Anyway, to end, in the best traditions of last letters in The Times, a translation guide to Thomas’s afore mentioned passage. (BTW you wouldn’t want to have been alongside the VC in the rough-and-tumble of the school playground, would you? One can imagine his less than helpful counsel at the sight of incoming bullies: “I want to help, and if it was a perfect world, I would indeed ban profound and hideous beatings. However, due to the reality that my peer group will probably call me names, and bearing in mind, too, that whilst applying the hockey stick to your rather nice forehead I will ask then to do it gently and in proportion, I cannot really tell this collection of bullies to stop battering you to a pulp. And, not that I want to blow my own trumpet, but if you do look at my past record re bog water-boarding, I did play a role in reducinge flushes on heads down the toilet from 5 to 4.”)
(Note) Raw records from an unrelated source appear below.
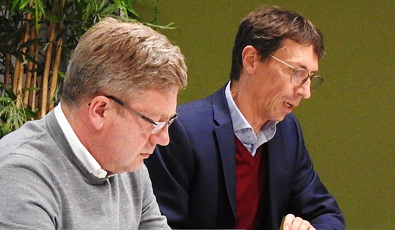 Nachdem der Geschäftsführer des Planungsverbandes Marc Wißmann (rechts im Bild) das Aufgaben-Spektrum des Verbands vorgestellt hatte in der Sondersitzung im Rathaus, gab Bürgermeister Josef Niedermeier (links im Bild) dem Gremium eine starke Empfehlung zur Entscheidungsfindung mit auf den Weg, dem Planungsverband doch beizutreten.
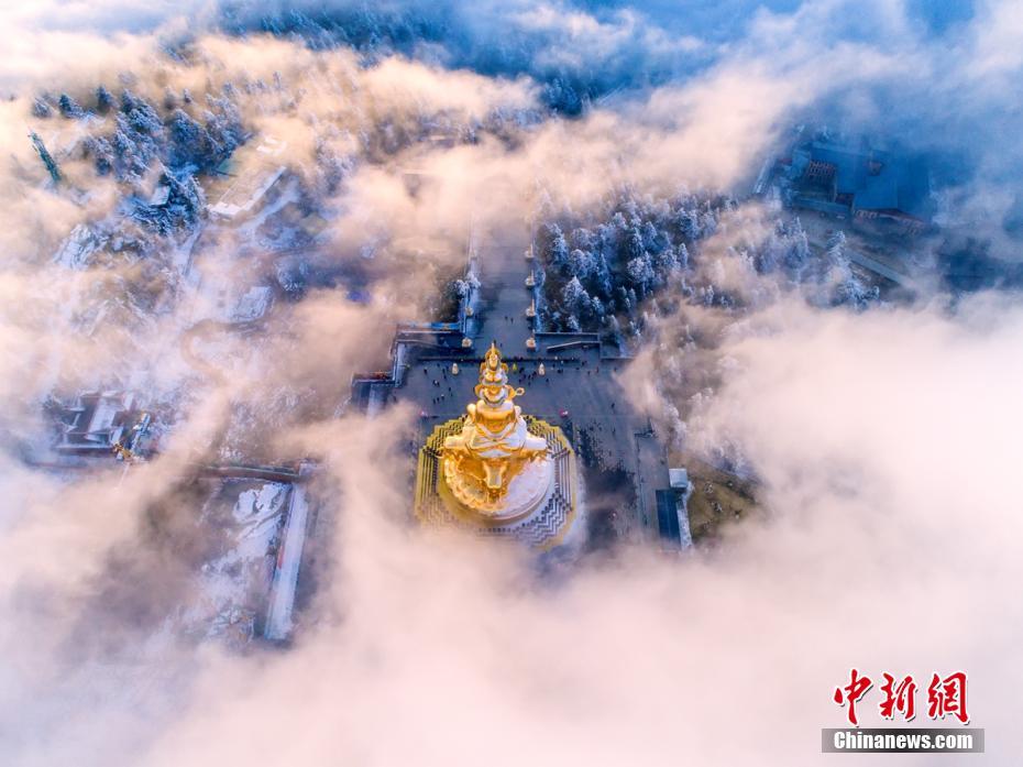 峨眉山金顶云雾缭绕 佛光再现美轮美奂
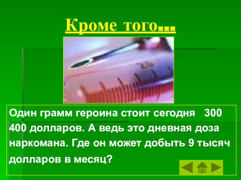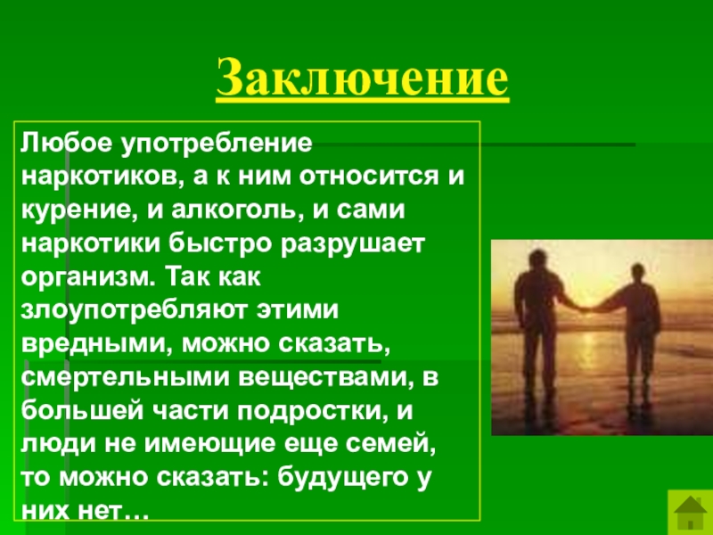 и сами наркотики быстро разрушает организм. Так как злоупотребляют этими вредными, можно сказать, смертельными веществами, в большей части подростки, и люди не имеющие еще семей, то можно сказать: будущего у них нет…
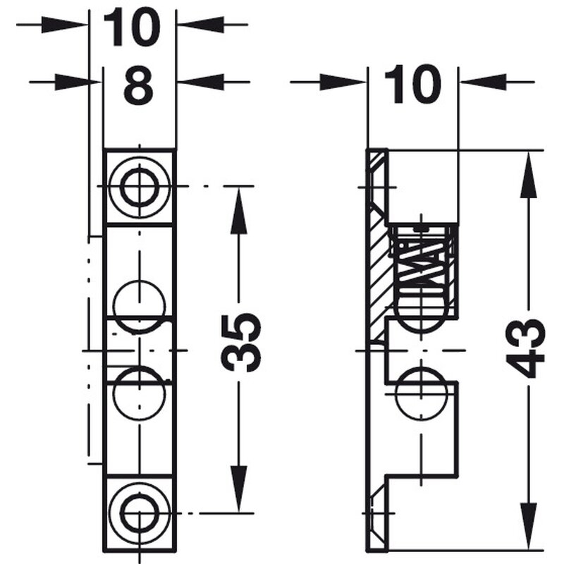 Der Häfele Ideal-Schnäpper Doppel-Kugelschnäpper (Herstellernummer 244.20.214) ist ein hochwertiger Beschlag für Türen, Klappen und Möbel. Mit einer Gesamtlänge von 43 mm und einer Höhe von 10 mm ist er besonders kompakt und vielseitig einsetzbar.
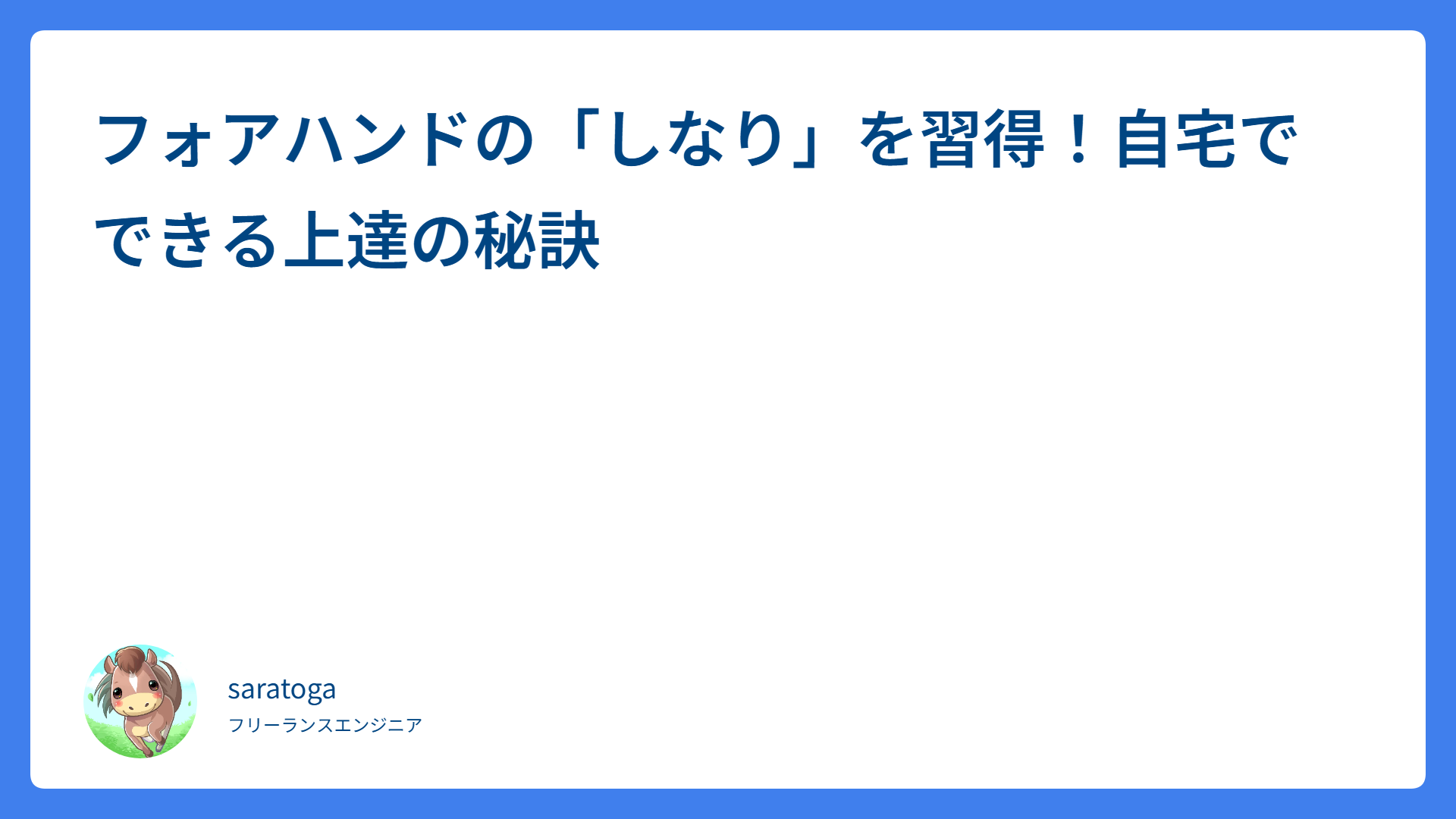フォルト激減!大人のための「センス不要」サーブ改善法 2026.03.07 サーブ saratogax サラトガ牧場 フォアハンドが劇的に変わる!手打ちを防ぐ体の使い方とテイクバック 2026.03.07 ストローク saratogax サラトガ牧場 フォアハンド上達!「腰を回す」が危険な理由と正しい体の使い方 2026.03.06 ストローク saratogax サラトガ牧場 ボレー上達の3ステップ!無駄を省いて安定させるコツ 2026.03.06 ボレー・スマッシュ saratogax サラトガ牧場 フォアハンドの「しなり」を自宅で習得!ベッドの上でできる練習法 2026.03.05 ストローク saratogax サラトガ牧場 週1テニスでも最速上達!動画では見えない3つの実践コツ 2026.03.05 テニス動画レッスン saratogax サラトガ牧場 フォアハンドが変わる!左手使い方の正解と上達のタイミング 2026.03.04 ストローク saratogax サラトガ牧場 フォアの「体を開くな」の正体!加速を生む正しい体の回し方 2026.03.04 ストローク saratogax サラトガ牧場 AWS BackupでRDS(Aurora)を別アカウントへ集約管理する:KMS再暗号化(2段階コピー)と命名規約のベストプラクティス 2026.03.04 技術系(Tips) saratogax サラトガ牧場 テニス肘を防ぐ打ち方|プロが教える「腕に頼らない」極意 2026.03.04 テニスアイテム saratogax サラトガ牧場 もっと見る

“Influencing policy”= agreeing with and lobbying for policy, ignoring people who disagree with policy, and then implementing policy.
“Being at the table” = nodding when David Willets or (deep breaths, remember the rhythm method) David *CAMERON* or (disappointed sigh) Nick Clegg speaks. Hopefully being invited into the drawing room, with the other white male courtesans, for a glass of port and a complementary stroke of the house parrot.
“Developing policy” = nodding (again) when David Willets speaks
“All-out fight”= opposing something when it’s wrong. I suspect Chief Thomas would not have been a fan of Galileo’s “all out fight” against the 17th century Catholic Church. Or my cousin Edith’s conviction for shoplifting at Penge Tesco despite the fact she was working at Lewisham Super Bowl at the time. And she doesn’t even like After-Eight or tinned ravioli
“Members”= me and a few others who want a knighthood or something a little better than Deputy Lieutenant of Bristol
“Or communications are very much less”= David Willets has stopped invited me to his bunker. Or, to put another way: “I was against something very bad. Very bad. The person who was doing the bad thing stopped talking to me. So, to recap, because I helped/fought to stop a bad thing, the bad thing’s main advocate has been less than nice to me. It is my fault for opposing the bad thing.”